The Metlac Ravine is like a huge postcard sent in the past that captures the monumental nature of the southern, coastal state of Mexico-Veracruz and the speeding modernization of the country that took place in the second part of the 19th century.
José María Velasco Gómez (1840-1912) is the most famous landscape painter in Mexico and renowned documentalist of the flora and fauna of this country. This particular painting showcases his fascination with the vast natural richness and diversity of Mexico. He used it in his art to celebrate the national identity and patriotism of a fairly young republic (Mexico became an independent state in 1821). This work also presents the early industrialization that Mexico went through during the author’s lifetime. The theme of the Metlac river is obvious. The imminent future, symbolized by the train, painted in the right hand corner, overtakes the nature, cuts the scenery and moves towards the viewer with a whoosh.
In the background of the painting, we see the Pico de Orizaba, also known as Citlaltépetl (from Nahuatl citlal(in) = star, and tepētl = mountain), the highest mountain in Mexico. It is a dominant element of the whole painting, against which others are presented. This composition evokes the series of landscape prints by Hokusai: Thirty-six Views of Mount Fuji (produced 1830-1832) in Japan.

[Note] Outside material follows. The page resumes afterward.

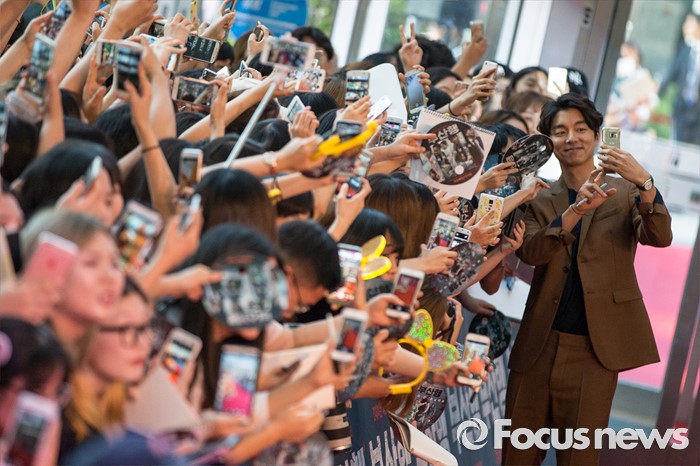 (서울=포커스뉴스) 18일 오후 서울 영등포구 타임스퀘어에서 열린 영화 '부산행' 레드카펫 행사에 참석한 배우 공유가 팬들과 함께 셀카를 찍고 있다.

The Metlac river and its canyon are hardly visible. One needs to really focus to be able to spot its flow behind the bushes in the bottom left corner of the work. Its direction is similar to that of the train, though the curve of the railroad is stronger, sharper. However, it still mimics the natural riverbed of Metlac.
The railroad depicted here was built in 1877. It connected the capital with the biggest and oldest sea port in Mexico- Veracruz. Its creation was a tremendous endeavor for the private investors and central government. The building of the rail network afforded better control the land as well as the promotion of trade and economic development. Velasco, by introducing the train into this landscape painting, points out the social and economic changes that happened during his life.
In the front of the painting, Velasco concentrates our sight on flora, various shrubs, trees and cacti typical to Veracruz state. They are depicted in detail, ensuring that the diversity of natural forms is represented realistically. This is also the place from which we can view two main elements that build the narration of this scene: the Pico de Orizaba and the locomotive engine with the steam.
In the archives of Southern Methodist University, a photo can be found that captures a similar moment, although we cannot see the train, just the steam over the railroad in the Metlac canyon. The photo gives us another opportunity to appreciate the style and talent of José María Velasco Gómez. In comparison, we can see how he was able to grasp the details and still show the story of the interplay of two forces that shape reality: nature and human agency.
José María Velasco Gómez in this work shows himself to be an excellent student of the biology and geography of his motherland, and a witty, astute chronicler of his times.